Some are saying that a bullish interview by Fed Chairman Powell on 60 Minutes last Sunday was the launchpad for the rally this week. Whatever the reason, it is apparent that the bulls have a lot of fire- power left, and the move above 2820 could be significant. But a breakout above 2820 only means that the next resistance level -- the all-time highs at 2930+ come into play. On the downside, there is support at 2720 (last Friday's lows), 2680 (the early February lows), and 2600- 2620, as well as the ultimate support at 2350 (the December lows).
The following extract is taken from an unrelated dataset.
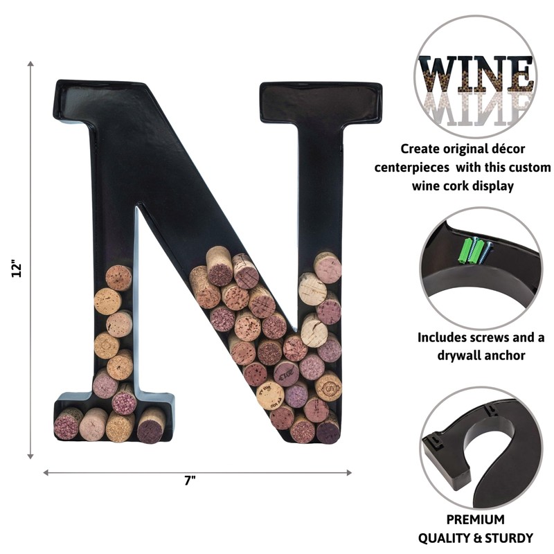 • EASY INSTALLATION: This personalized letter shaped decorative monogram holder for corks includes screws and a drywall anchor, being easy to install without the hassle of professional help. Large letter measures 12” in height, 1.75” depth, and approximately 10”

Equity-only put-call ratios are mixed in their signals. The weighted ratio rolled over to a sell signal over a week ago, and it remains on that sell signal now, although it has declined over the past three days. Meanwhile, the standard ratio remains on buy signal.
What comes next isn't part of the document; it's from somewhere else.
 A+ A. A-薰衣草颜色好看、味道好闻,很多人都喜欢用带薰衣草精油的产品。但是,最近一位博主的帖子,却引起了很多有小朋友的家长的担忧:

Market breadth has been volatile this week. At this time, both breadth oscillators are on buy signals, after having wavered slightly during the week.
Volatility has generally been drifting lower, and that is bullish for stocks. $VIX is at its lowest levels since very early October. We all know what happened later in October, so $VIX being at these low levels is a bit of an overbought condition and a warning sign to stay alert. But, $VIX will not present a problem for the stock market unless it closes above 17.
In summary, signals are mixed. However, so many people are watching the 2820 level that it is probably going to be fakeout of sorts. After a brief ensuing rally, $SPX will be back in the business of proving that there is still power left in the bullish case, and that will be a heavy burden to prove. Once again, straddle purchases seem to be the way to go.